:: Given material ::
━━━━━━━━
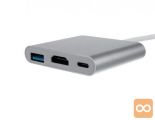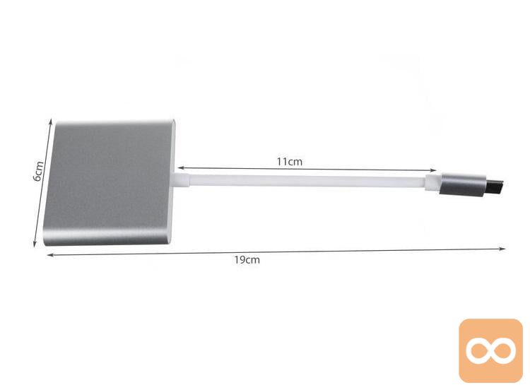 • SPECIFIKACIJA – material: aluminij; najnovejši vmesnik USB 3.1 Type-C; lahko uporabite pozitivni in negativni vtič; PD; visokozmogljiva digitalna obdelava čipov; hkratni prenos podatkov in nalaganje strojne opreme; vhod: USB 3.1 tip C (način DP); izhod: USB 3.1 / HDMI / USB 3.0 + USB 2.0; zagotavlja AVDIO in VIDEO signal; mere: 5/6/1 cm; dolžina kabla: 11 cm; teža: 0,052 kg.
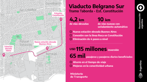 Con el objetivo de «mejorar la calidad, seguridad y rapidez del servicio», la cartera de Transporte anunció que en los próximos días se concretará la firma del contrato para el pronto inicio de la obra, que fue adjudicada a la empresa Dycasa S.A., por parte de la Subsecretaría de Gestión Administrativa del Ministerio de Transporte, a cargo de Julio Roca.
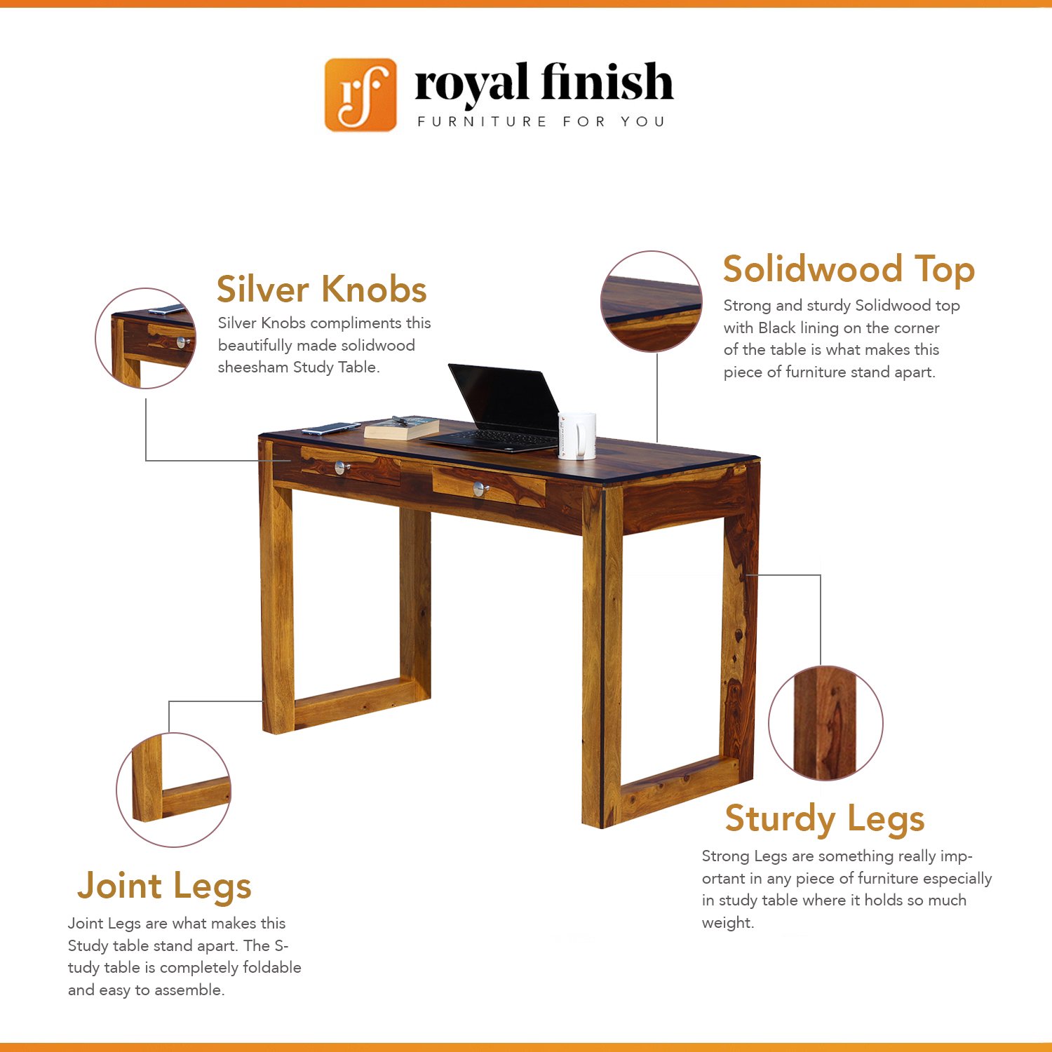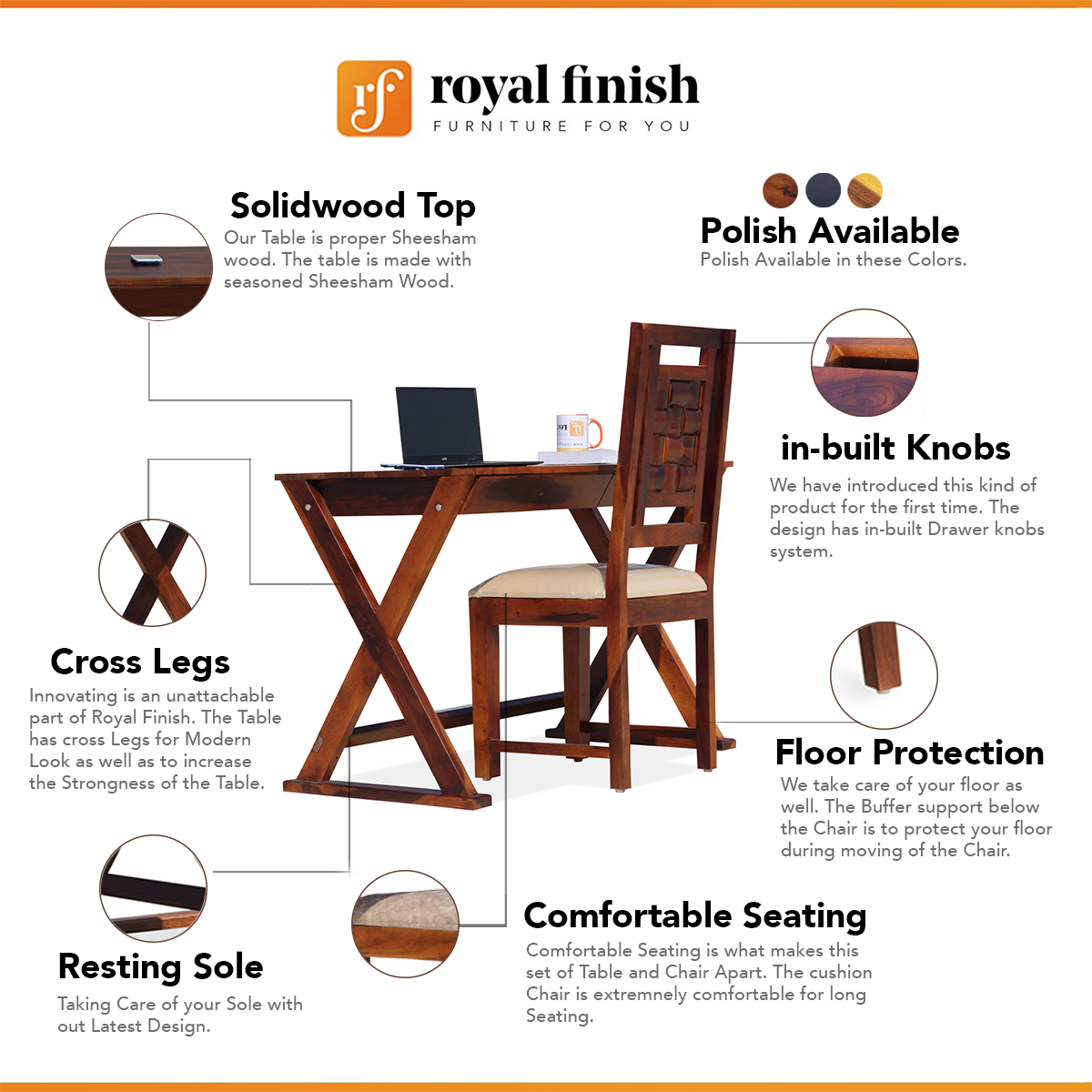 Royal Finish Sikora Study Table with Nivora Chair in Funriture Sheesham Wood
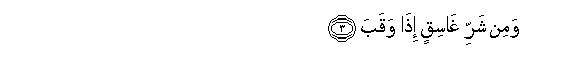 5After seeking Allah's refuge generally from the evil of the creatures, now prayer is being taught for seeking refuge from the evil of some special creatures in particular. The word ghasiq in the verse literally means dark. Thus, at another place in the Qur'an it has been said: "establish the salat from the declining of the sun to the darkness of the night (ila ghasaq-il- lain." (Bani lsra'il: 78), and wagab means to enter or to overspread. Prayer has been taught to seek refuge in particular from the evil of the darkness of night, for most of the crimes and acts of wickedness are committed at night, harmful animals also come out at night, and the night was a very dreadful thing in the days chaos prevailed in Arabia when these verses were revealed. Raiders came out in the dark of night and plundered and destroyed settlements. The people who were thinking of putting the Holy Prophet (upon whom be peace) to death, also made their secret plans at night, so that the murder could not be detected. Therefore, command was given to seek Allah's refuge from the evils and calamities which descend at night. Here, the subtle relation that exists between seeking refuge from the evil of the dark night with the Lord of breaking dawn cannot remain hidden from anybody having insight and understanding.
━━━━━━━━
:: Task instructions ::
Since the pictures are not wanted, transcribe the rest of the listing above exactly.

:: Answer to this problem ::
 • SPECIFIKACIJA – material: aluminij; najnovejši vmesnik USB 3.1 Type-C; lahko uporabite pozitivni in negativni vtič; PD; visokozmogljiva digitalna obdelava čipov; hkratni prenos podatkov in nalaganje strojne opreme; vhod: USB 3.1 tip C (način DP); izhod: USB 3.1 / HDMI / USB 3.0 + USB 2.0; zagotavlja AVDIO in VIDEO signal; mere: 5/6/1 cm; dolžina kabla: 11 cm; teža: 0,052 kg.
 Con el objetivo de «mejorar la calidad, seguridad y rapidez del servicio», la cartera de Transporte anunció que en los próximos días se concretará la firma del contrato para el pronto inicio de la obra, que fue adjudicada a la empresa Dycasa S.A., por parte de la Subsecretaría de Gestión Administrativa del Ministerio de Transporte, a cargo de Julio Roca.
 Royal Finish Sikora Study Table with Nivora Chair in Funriture Sheesham Wood
 5After seeking Allah's refuge generally from the evil of the creatures, now prayer is being taught for seeking refuge from the evil of some special creatures in particular. The word ghasiq in the verse literally means dark. Thus, at another place in the Qur'an it has been said: "establish the salat from the declining of the sun to the darkness of the night (ila ghasaq-il- lain." (Bani lsra'il: 78), and wagab means to enter or to overspread. Prayer has been taught to seek refuge in particular from the evil of the darkness of night, for most of the crimes and acts of wickedness are committed at night, harmful animals also come out at night, and the night was a very dreadful thing in the days chaos prevailed in Arabia when these verses were revealed. Raiders came out in the dark of night and plundered and destroyed settlements. The people who were thinking of putting the Holy Prophet (upon whom be peace) to death, also made their secret plans at night, so that the murder could not be detected. Therefore, command was given to seek Allah's refuge from the evils and calamities which descend at night. Here, the subtle relation that exists between seeking refuge from the evil of the dark night with the Lord of breaking dawn cannot remain hidden from anybody having insight and understanding.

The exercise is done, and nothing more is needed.